__Work to be completed__
Pictures do not belong in your copy. Repeat all the other data exactly.

__Data block__
----

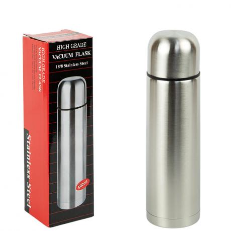 Термос 500 мл із нержавіючої сталі 18/8 — практичне та надійне рішення для зберігання гарячих і холодних напоїв у дорозі, на роботі та під час відпочинку.Розмір термоса 23×6,5 см, компактний формат підходить для сумки або рюкзака.
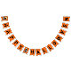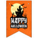 Feliz ilustracion de diseño de texto de Halloween con decoración de casa embrujada, cementerio y murciélagos en luna llena sobre fondo naranja de grano
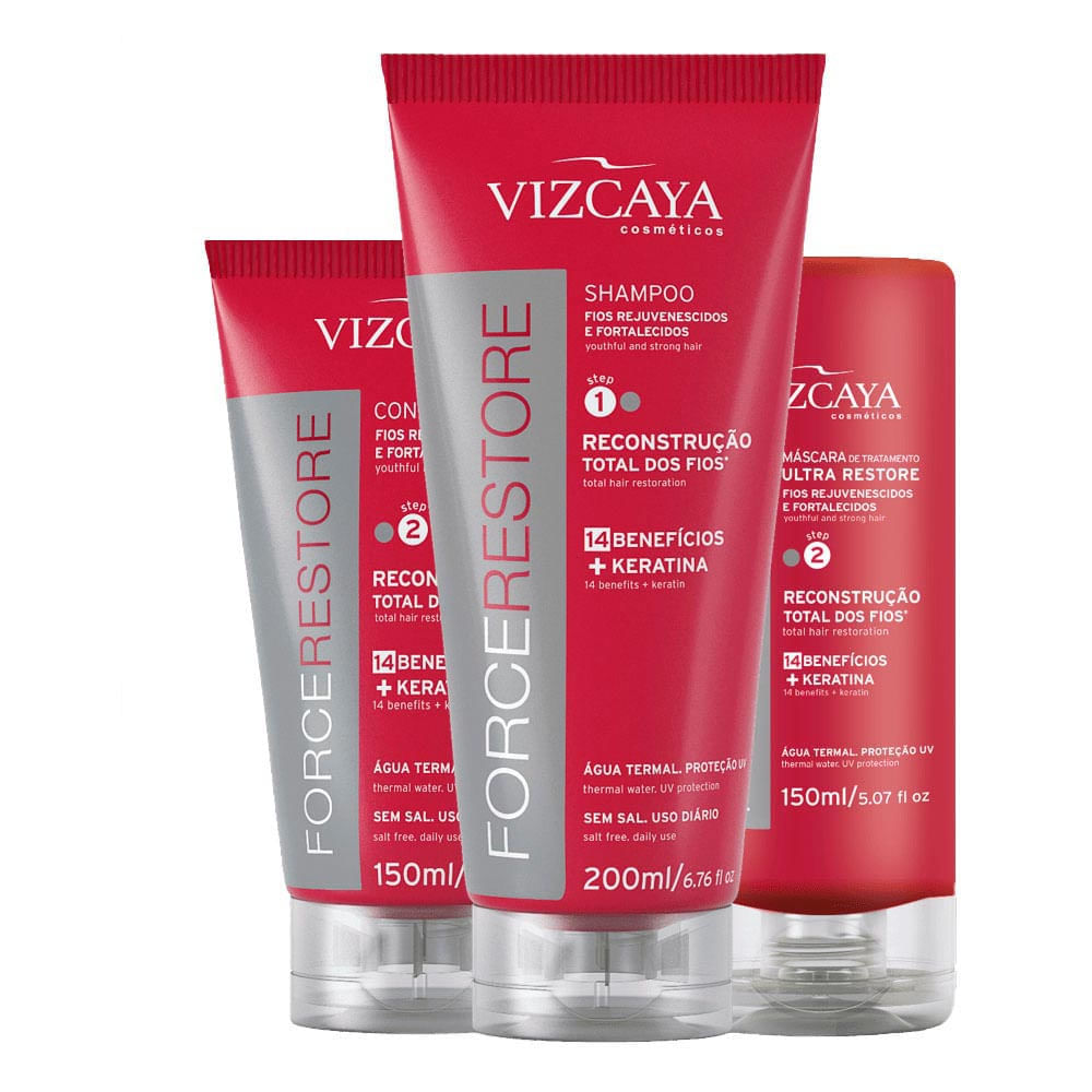 Kit Completo Vizcaya Force Restore Shampoo + Condicionador + Máscara
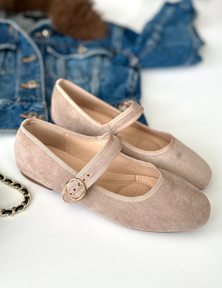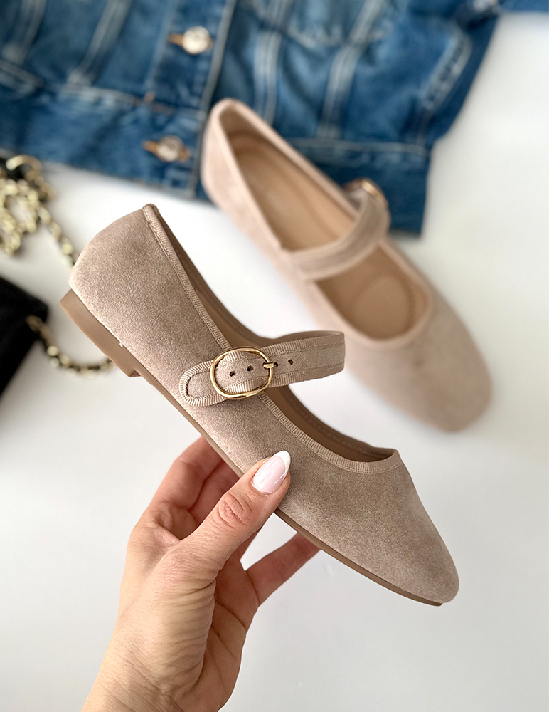 Elegantné dámske balerínky Dua. Majú zaoblenú špičku a nízky podpätok v tmavšom odtieni, ktorý zabezpečuje pohodlie pri chôdzi. Dominantným prvkom je remienok cez priehlavok so zlatou okrúhlou prackou, ktorý nielen esteticky dopĺňa dizajn, ale zároveň zlepšuje fixáciu nohy v topánke. Okraje baleríniek sú jemne lemované, čo pridáva na detailnosti spracovania. Vnútorná stielka je mäkká, pohodlná na nosenie.

----

__Exercise response__
 Термос 500 мл із нержавіючої сталі 18/8 — практичне та надійне рішення для зберігання гарячих і холодних напоїв у дорозі, на роботі та під час відпочинку.Розмір термоса 23×6,5 см, компактний формат підходить для сумки або рюкзака.
 Feliz ilustracion de diseño de texto de Halloween con decoración de casa embrujada, cementerio y murciélagos en luna llena sobre fondo naranja de grano
 Kit Completo Vizcaya Force Restore Shampoo + Condicionador + Máscara
 Elegantné dámske balerínky Dua. Majú zaoblenú špičku a nízky podpätok v tmavšom odtieni, ktorý zabezpečuje pohodlie pri chôdzi. Dominantným prvkom je remienok cez priehlavok so zlatou okrúhlou prackou, ktorý nielen esteticky dopĺňa dizajn, ale zároveň zlepšuje fixáciu nohy v topánke. Okraje baleríniek sú jemne lemované, čo pridáva na detailnosti spracovania. Vnútorná stielka je mäkká, pohodlná na nosenie.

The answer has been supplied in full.